The Beecroft Report: welcome removal of barriers to growth or introduction of a fear culture for employees?
Monday, 21 May saw the publication of the Beecroft Report. Adrian Beecroft, venture capitalist and Tory party donor, was asked to prepare the report in August and September 2011, but it has only just been made public following a Freedom of Information Act request. The report has looked at a number of areas relating to employment law and has numerous recommendations. Some of the more controversial of these are provoking heated discussion in the media.

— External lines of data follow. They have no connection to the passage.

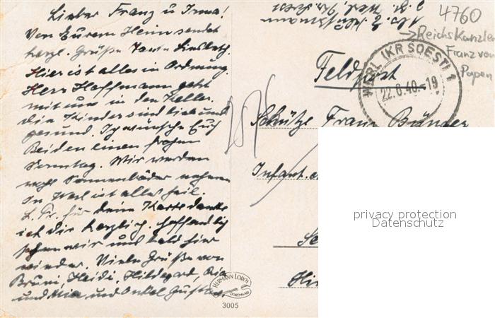 73703909 alte Postkarte Werl Westfalen Papens Geburtshaus Siederstrasse Feldpost postalisch gelaufen Erhaltung siehe scans [LiesaD40] KatCode: 11110005974052
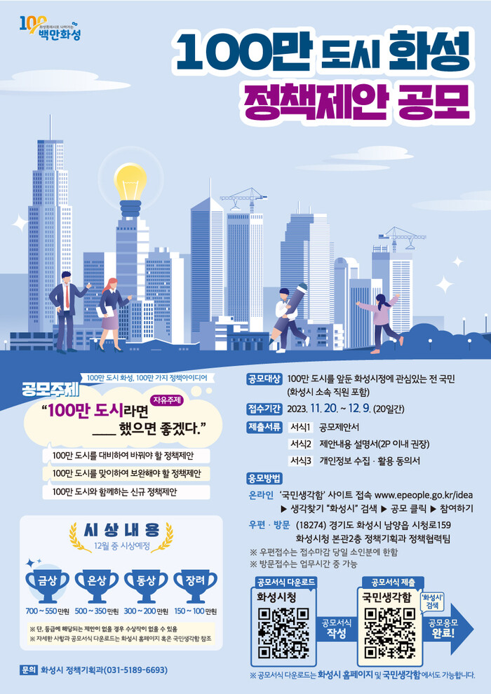 이번 공모는 화성시 인구가 올 연말 100만 명을 돌파할 것으로 예상됨에 따라, 100만 도시에 걸맞은 창의적인 정책 아이디어를 발굴하기 위함으로 20일부터 12월 9일까지 20일간 진행된다.
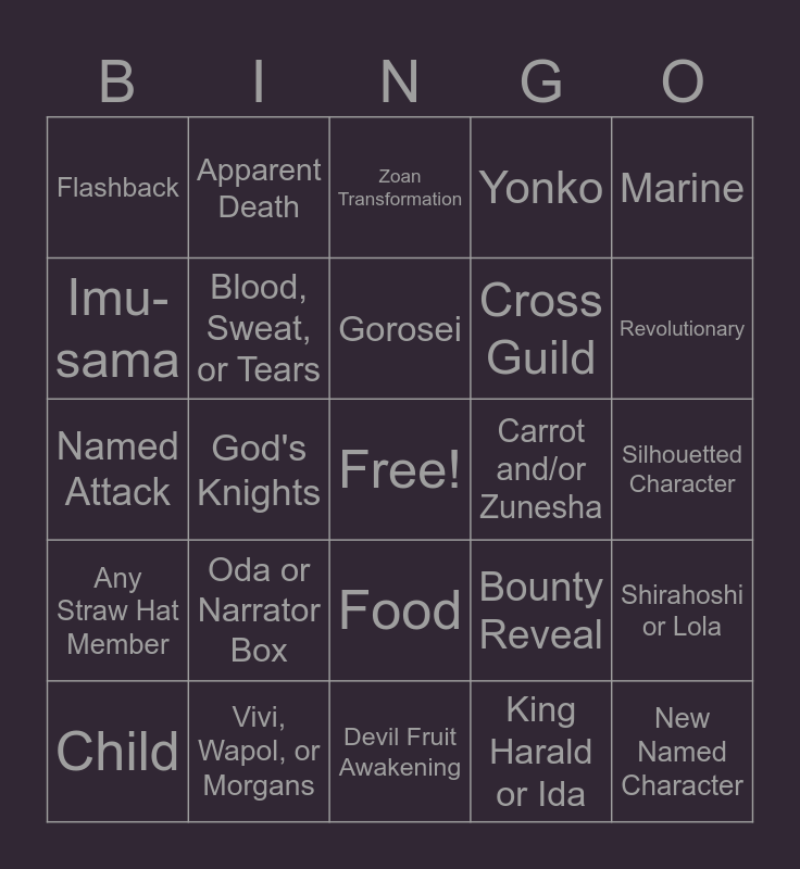 This bingo card has a free space and 30 words: Vivi, Wapol, or Morgans, Kid or Heart Pirates, God's Knights, New Named Devil Fruit, Flashback, Zoan Transformation, Blood, Sweat, or Tears, Food, Carrot and/or Zunesha, Devil Fruit Awakening, Silhouetted Character, New Named Character, King Harald or Ida, Straw Hat Grand Fleet Representative, Revolutionary, Joy Boy or Nika Mentioned, Bounty Reveal, Any Straw Hat Member, Oda or Narrator Box, Marine, Named Attack, Back to Present, Apparent Death, Cross Guild, Imu-sama, Yonko, Shirahoshi or Lola, Child, Gorosei and Any of the Roger Pirates.

The tone of the report is set in its introduction: “much of employment law and regulation impedes the search for efficiency and competitiveness […] that was addressing yesterday’s problem. In today’s era of a lack of jobs those regulations simply exacerbate the national problem of high unemployment.”
No fault dismissal
By far the most controversial recommendation in the report is the introduction of compensated no-fault dismissal for any business, no matter what its size: the current government’s proposal for compensated no-fault dismissal envisages restricting the procedure to microbusinesses with fewer than 10 employees only. Under the report’s proposal, an employer would have the right to dismiss an employee without reason and that employee would be prevented from pursuing a claim of unfair dismissal, provided the employer makes an enhanced leaving payment. Mr Beecroft states: “The result of this change would be that the onus would squarely be on the employee to perform well enough for the employer to value them as an employee. It would no longer be possible to coast along, underperforming in a way that is damaging to the enterprise concerned but not bad enough for the employer to want to undertake the whole rigmarole of the unfair dismissal process.”
Unfair dismissal legislation
There can be no doubt that this would represent a truly radical reform to the law of unfair dismissal. Whilst this ‘quick fix’ might be welcomed by some employers, it should be borne in mind that the law already provides employers with the right to dismiss for poor performance, provided the employer follows a fair procedure. While the current regime undoubtedly gives protection to employees, it is certainly arguable it does so for employers as well, allowing them to give a clear reason for dismissal that is less open to challenge on discriminatory grounds. Moreover, it is questionable whether the introduction of such a scheme would have the desired effect. Business Secretary Vince Cable said of no-fault dismissals: “In my daily conversations with businesses, this has very rarely been raised with me as a barrier to growth.”
Equality Act 2010
Among other controversial proposals in the report is the abolition of the third-party harassment provisions contained in the Equality Act 2010. Mr Beecroft states “the legislation clearly creates a temptation for employees to conspire with each other or with customers to create a harassment situation which might result in substantial financial compensation from their employer.” It is unclear what evidence he has reviewed to support this view.
Mr Beecroft would also like to see reform of the collective redundancy process, believing that 90 days’ consultation for employers wishing to make 100 or more redundancies is too long and prefers 30 days as a suitable consultation period: “If in the first thirty days no solution has arisen that management at least feel is worth exploring it is highly unlikely that one will be found in the following sixty days.” It would be interesting to see whether this view was borne out by the evidence. Arguably, it also neglects to mention that management may have known redundancies were in the offing prior to the beginning of the consultation and this contraction of the period only serves to increase pressure on employee representatives to try and negotiate an amicable solution to a large-scale redundancy in a third of the time.
Also among the report’s more controversial proposals are the comments on updating and improving the CRB checking system and Work Permit Checks. Many of the features that are highlighted will be available when the new online CRB system is introduced. This new system for work permits would “eliminate the risk of well-meaning employers fearing or facing prosecution for honest mistakes” and would also “allow HMRC […] to identify illegal workers who are being paid through the PAYE system.” This is likely to be welcomed by employers who currently face Draconian punishments.
The Department for Business, Innovation and Skills appears to be distancing itself from the more controversial elements of the report. Vince Cable said: “We have always been clear that sensible and well thought-through reforms need a strong evidence base behind them, not just anecdotal experiences.” He continued: “At a time when workers are proving to be flexible in difficult economic conditions it would almost certainly be counterproductive to increase fear of dismissal.”
The government has issued ‘calls for evidence’ in relation to particular aspects of the report, including TUPE amendments, collective redundancies, simplified dismissal procedures and compensated no-fault dismissal (which the Government intends to limit to microbusinesses only). Consultations have also been issued on the proposal to abolish the third-party harassment provisions of the Equality Act 2010, with a closing date of 7 August.
Lyons Davidson’s employment team will be submitting responses to these consultations and comment on developments as they progress.